There is no doubt that Aussies love cars. I would go as far as to say the most are welded to the seat of their favourite vehicle. The nature of the Australian landscape and the long straight roads encourages driving for hours without having to turn the steering wheel. When I was young I lived in Darwin in the Northern Territory for a year and when returning home to Victoria all I had to do was drive south for approximately 3000 kms (without turning the wheels) and then turn left!
Australian artist Ben Quilty (if you read yesterday's Past Posts you would have met Ben) has researched and explored the love affairs Australians have with their cars. In fact his career as a painter was launched in 2003 with a series of paintings of his 1972 Torana. Painted in dense slabs of colour deftly applied with a palette knife, they paid tribute to the role of the first car in a young Australian’s life.1
And now to today's Feature Art Work:
Van Rorschach (above) isn't the vehicle you would expect: the painting is of a Japanese minivan- the type of vehicle you might borrow if you were moving apartments when you were 19 years old.
I will let Ben Quilty do the honours and explain to you directly how and why he created Van Rorschach.
The Museum of Contemporary Art Australia also provides an explanation of the Van Rorschach painting to help you further your understanding.
Buying and driving the first car is one of the few rites of initiation into adulthood presented by modern secular society, and it is one that Quilty returned to two years later in Van Rorschach. In this diptych, Quilty paints his van – the vehicle he drove everyday – as a kind of self-portrait. In this and other works, the car is an extension of self that reflects its owner and how they want to be perceived. Quilty’s paintings of his cars and those of his mates are in effect portraits of their owners – young men for whom a set of wheels and a slab of beer is a passport to youthful freedom, often enjoyed to excess. In other works, Quilty has painted the wreckage of car crashes – the consequences of the adolescent obsession with risk-taking that characterised his own youth.

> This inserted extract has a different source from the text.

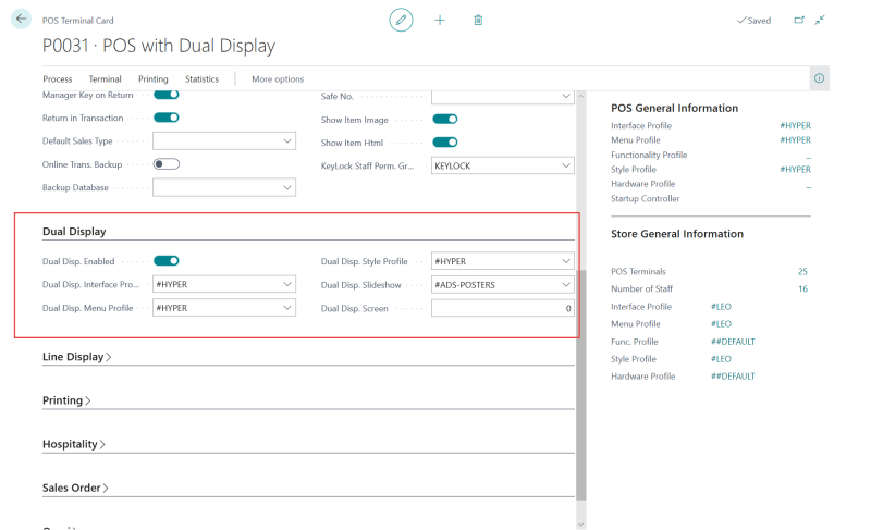 - Open the POS Terminal Card in use, and assign the new Interface Profile in the Dual Disp. Interface Profile field.

The theme of ‘boys behaving badly’ that Quilty pursues in his car paintings is an exploration of an Australian form of masculinity founded on fast driving and destructive drinking sessions within a tight circle of mateship. The exuberant confidence and rough impatience of that culture is expressed through dense slabs of paint in Van Rorschach, which were applied quickly and thickly with a palette knife, like mortar or render. Working like a tradesman, using caulking guns of paint and the knife like a trowel, Quilty paints his ordinary and utilitarian van as an extension of himself and as a marker of a masculinity that identifies itself with the beer-drinking, car-loving, working-class bloke from the suburbs. While this could be construed as an exercise in anti-intellectualism that celebrates the cliché of the boorish Australian ‘yobbo’, Quilty’s car portraits are an individuated and self-reflective view of his experience that questions, rather than glorifies, the particular rites and rituals that marked his passage into adulthood. 1
This painting is the seminal work to Ben Quilty's paintings (both portraits and landscapes) created using his Rorschach Style.